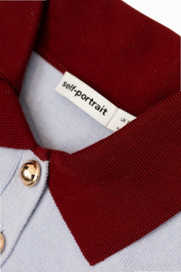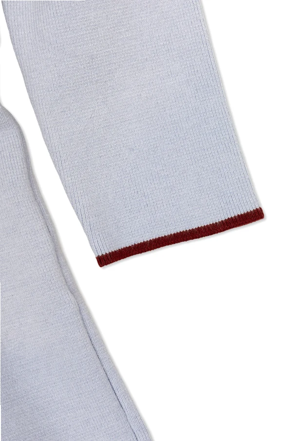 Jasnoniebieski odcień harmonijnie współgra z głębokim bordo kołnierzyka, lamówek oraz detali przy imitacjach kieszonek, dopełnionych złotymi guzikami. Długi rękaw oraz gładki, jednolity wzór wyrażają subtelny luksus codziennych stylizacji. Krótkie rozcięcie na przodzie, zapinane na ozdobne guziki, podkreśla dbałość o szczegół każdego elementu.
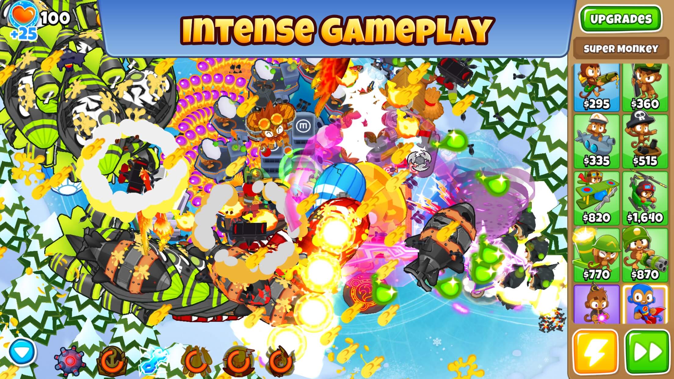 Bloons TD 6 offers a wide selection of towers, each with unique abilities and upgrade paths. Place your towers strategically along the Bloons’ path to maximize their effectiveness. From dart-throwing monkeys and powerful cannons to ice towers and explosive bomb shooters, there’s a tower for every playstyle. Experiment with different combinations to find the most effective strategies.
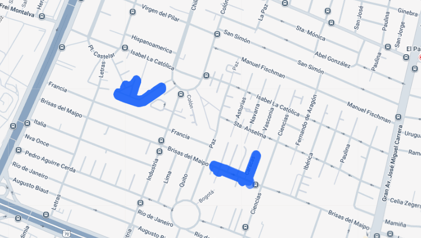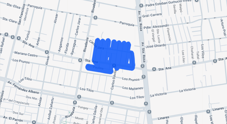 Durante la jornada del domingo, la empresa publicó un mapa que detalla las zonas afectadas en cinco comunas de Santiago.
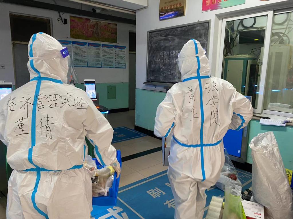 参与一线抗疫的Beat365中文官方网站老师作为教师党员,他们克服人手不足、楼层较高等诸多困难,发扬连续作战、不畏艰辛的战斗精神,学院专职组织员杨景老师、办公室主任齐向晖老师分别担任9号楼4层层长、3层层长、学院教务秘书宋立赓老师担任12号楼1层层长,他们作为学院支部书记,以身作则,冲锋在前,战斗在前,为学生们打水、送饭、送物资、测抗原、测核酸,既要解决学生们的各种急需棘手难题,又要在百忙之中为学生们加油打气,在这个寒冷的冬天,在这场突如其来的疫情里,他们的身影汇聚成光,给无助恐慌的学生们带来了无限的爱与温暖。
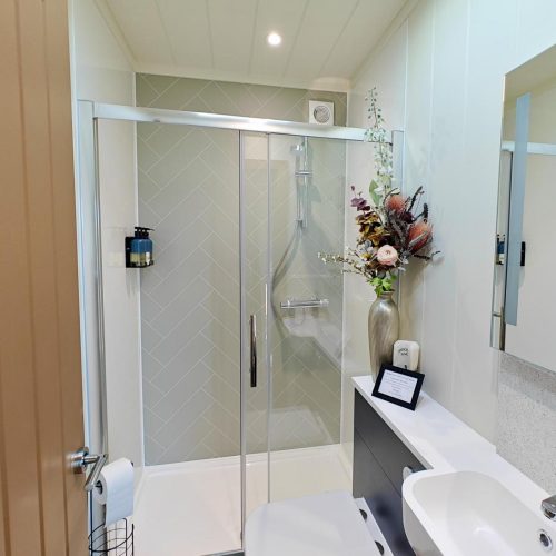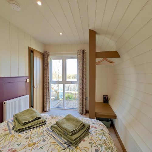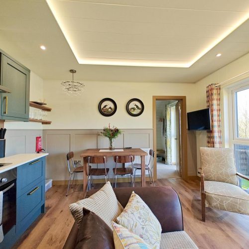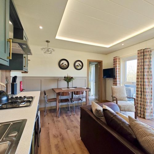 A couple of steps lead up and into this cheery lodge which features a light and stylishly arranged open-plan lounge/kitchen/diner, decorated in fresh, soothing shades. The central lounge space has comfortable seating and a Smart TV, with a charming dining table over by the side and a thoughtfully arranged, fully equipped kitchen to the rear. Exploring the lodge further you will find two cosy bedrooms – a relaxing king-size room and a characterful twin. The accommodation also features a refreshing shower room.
---
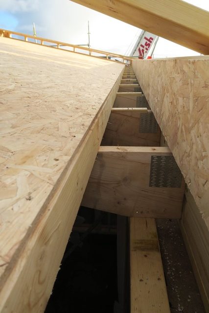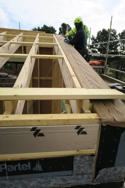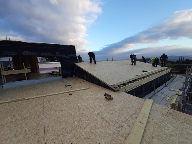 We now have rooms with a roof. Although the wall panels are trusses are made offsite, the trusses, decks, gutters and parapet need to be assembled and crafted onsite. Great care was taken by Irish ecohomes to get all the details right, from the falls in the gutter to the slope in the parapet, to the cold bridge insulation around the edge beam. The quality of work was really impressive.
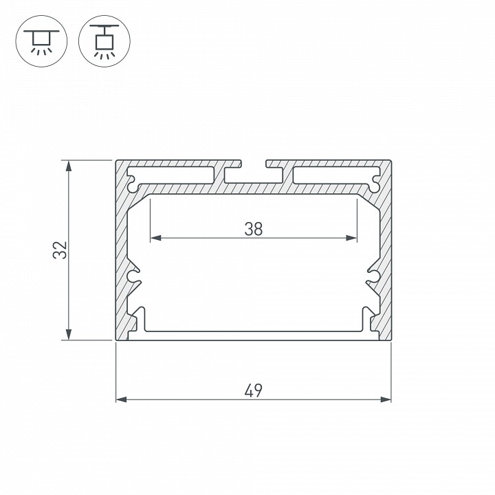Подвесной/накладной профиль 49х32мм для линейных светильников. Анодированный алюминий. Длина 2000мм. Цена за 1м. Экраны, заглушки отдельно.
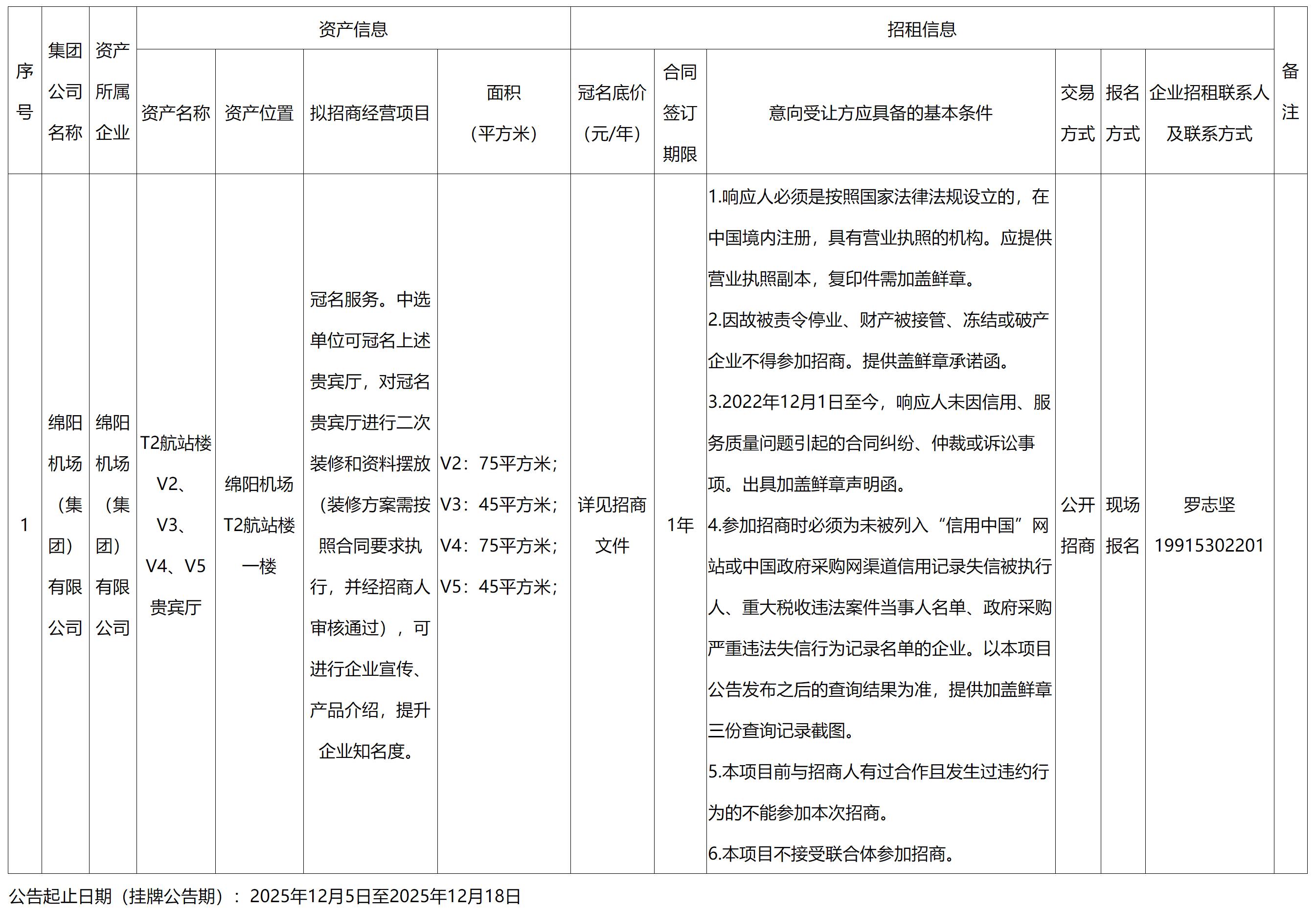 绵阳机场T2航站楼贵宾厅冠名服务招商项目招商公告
* * *
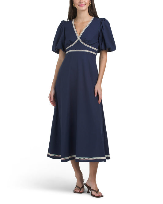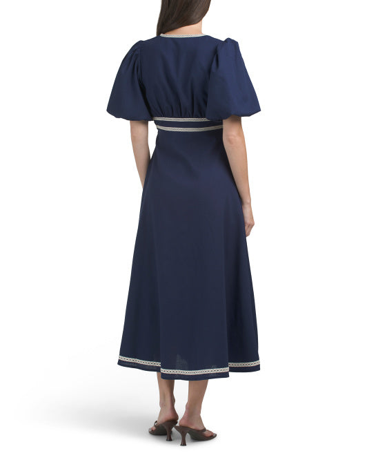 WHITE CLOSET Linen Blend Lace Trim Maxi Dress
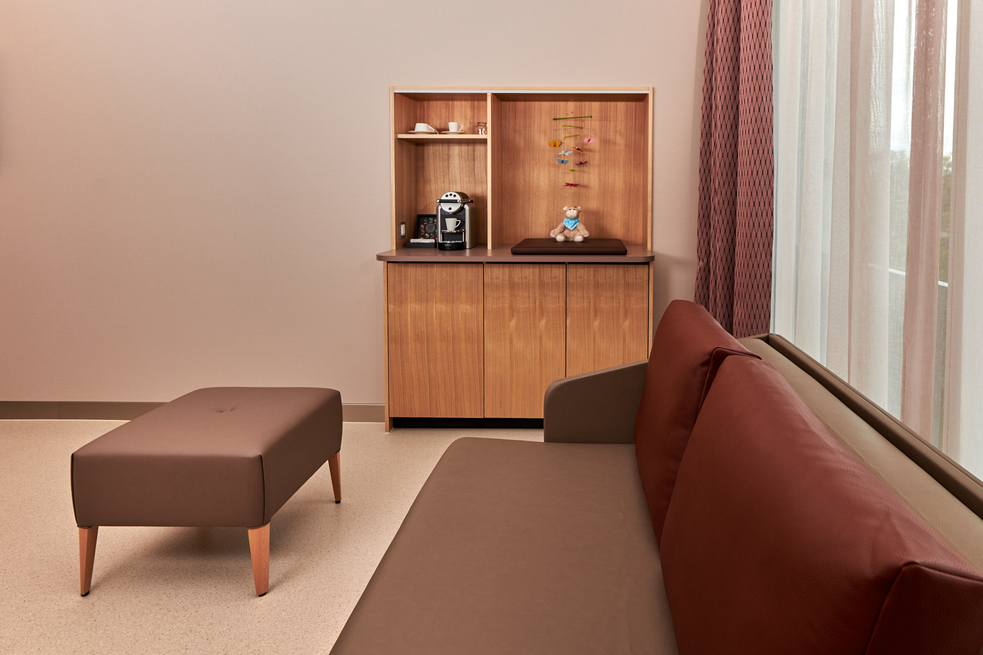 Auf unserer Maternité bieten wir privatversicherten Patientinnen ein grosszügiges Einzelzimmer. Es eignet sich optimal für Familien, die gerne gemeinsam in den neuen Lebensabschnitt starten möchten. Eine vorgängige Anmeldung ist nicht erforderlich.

- Assigned task -
Pictures aside, print exactly the lines above starting with the one containing "Bloons TD 6" and going on through the one containing "A couple of".

- Written answer -
 Bloons TD 6 offers a wide selection of towers, each with unique abilities and upgrade paths. Place your towers strategically along the Bloons’ path to maximize their effectiveness. From dart-throwing monkeys and powerful cannons to ice towers and explosive bomb shooters, there’s a tower for every playstyle. Experiment with different combinations to find the most effective strategies.
 Durante la jornada del domingo, la empresa publicó un mapa que detalla las zonas afectadas en cinco comunas de Santiago.
 参与一线抗疫的Beat365中文官方网站老师作为教师党员,他们克服人手不足、楼层较高等诸多困难,发扬连续作战、不畏艰辛的战斗精神,学院专职组织员杨景老师、办公室主任齐向晖老师分别担任9号楼4层层长、3层层长、学院教务秘书宋立赓老师担任12号楼1层层长,他们作为学院支部书记,以身作则,冲锋在前,战斗在前,为学生们打水、送饭、送物资、测抗原、测核酸,既要解决学生们的各种急需棘手难题,又要在百忙之中为学生们加油打气,在这个寒冷的冬天,在这场突如其来的疫情里,他们的身影汇聚成光,给无助恐慌的学生们带来了无限的爱与温暖。
 A couple of steps lead up and into this cheery lodge which features a light and stylishly arranged open-plan lounge/kitchen/diner, decorated in fresh, soothing shades. The central lounge space has comfortable seating and a Smart TV, with a charming dining table over by the side and a thoughtfully arranged, fully equipped kitchen to the rear. Exploring the lodge further you will find two cosy bedrooms – a relaxing king-size room and a characterful twin. The accommodation also features a refreshing shower room.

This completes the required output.